Finding multiple documents with one query

Question

I have a schema like so:

schema
{
    owner: <id to other document type>
    created: date
}

I have an array of owner's ids: [owner_id_1, owner_id_2, ... owner_id_x]

I want to get a list of documents, with these owners, but limited to just the latest of each. Doing the queries individually:

find_one({ owner: owner_id_1 }).sort({ created: -1 }).limit(1)

But I don't want to have to fire off x of these, I'd like a way to do it in one query if possible

Answer 1

The .aggregate() method allows you do do this, along with matching the documents via the $in operator:

collection.aggregate([
    { "$match": { "owner": { "$in": [owner_id_1, owner_id_2, ... owner_id_x] } },
    { "$group": {
        "_id": "$owner",
        "created": { "$max": "$created" }
    }}
])

Gets the maximum ( $max ) "created" value for each "owner" you asked for with the $in, which takes an array of values to match the field in the condition.

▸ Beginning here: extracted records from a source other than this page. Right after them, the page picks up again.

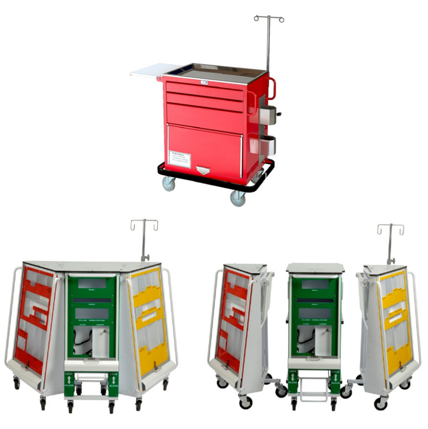
Fig. 3. The standard resuscitation trolley from our hospital, and the newly designed Resus:Station prototype.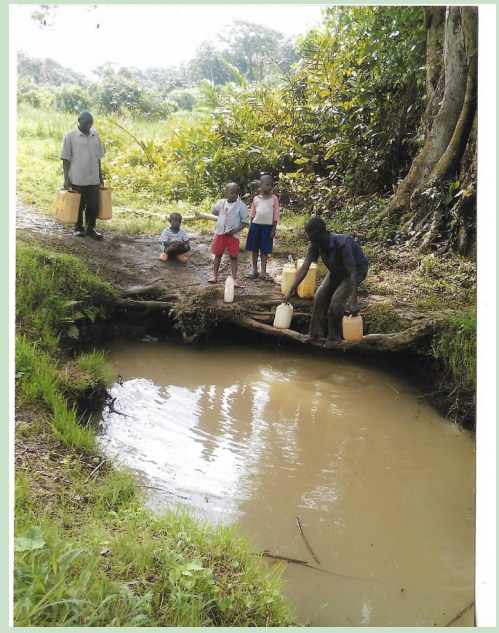
Spring before protection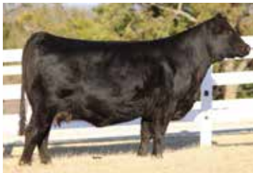
HBRL FLAMBOYANT 8521F Dam of Lot 54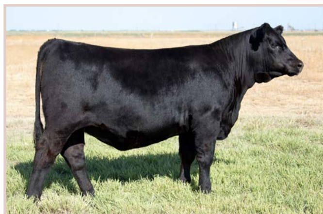
2 Bar Grid Maker 3686 - $520,000 Full Sister to Lot 19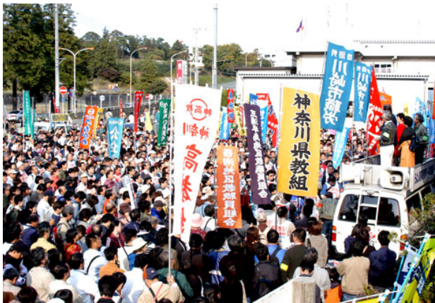
Protest against base reorganization plan outside Camp Zama in 2005

present Zama City is the sole local district penalized for non-cooperation under the under the 2007 law for facilitating the reorganization of US Forces in Japan. The mayor of Zama, who has sworn that he will stand firm even if the government (Japanese, US, or both) were to target him with a Cruise missile, faces election for a 7th term in August 2008.

If you wanted more data than just that one field, the use $sort before you $group:

collection.aggregate([
    { "$match": { "owner": { "$in": [owner_id_1, owner_id_2, ... owner_id_x] } },
    { "$sort": { "owner": 1, "created": -1 } },
    { "$group": {
        "_id": "$owner",
        "created": { "$first": "$created" },
        "docId": { "$first": "$_id" },
        "something": { "$first": "$something" }
    }}
])

And the $first takes the first value ( descending was done in sort ) from each grouping boundary.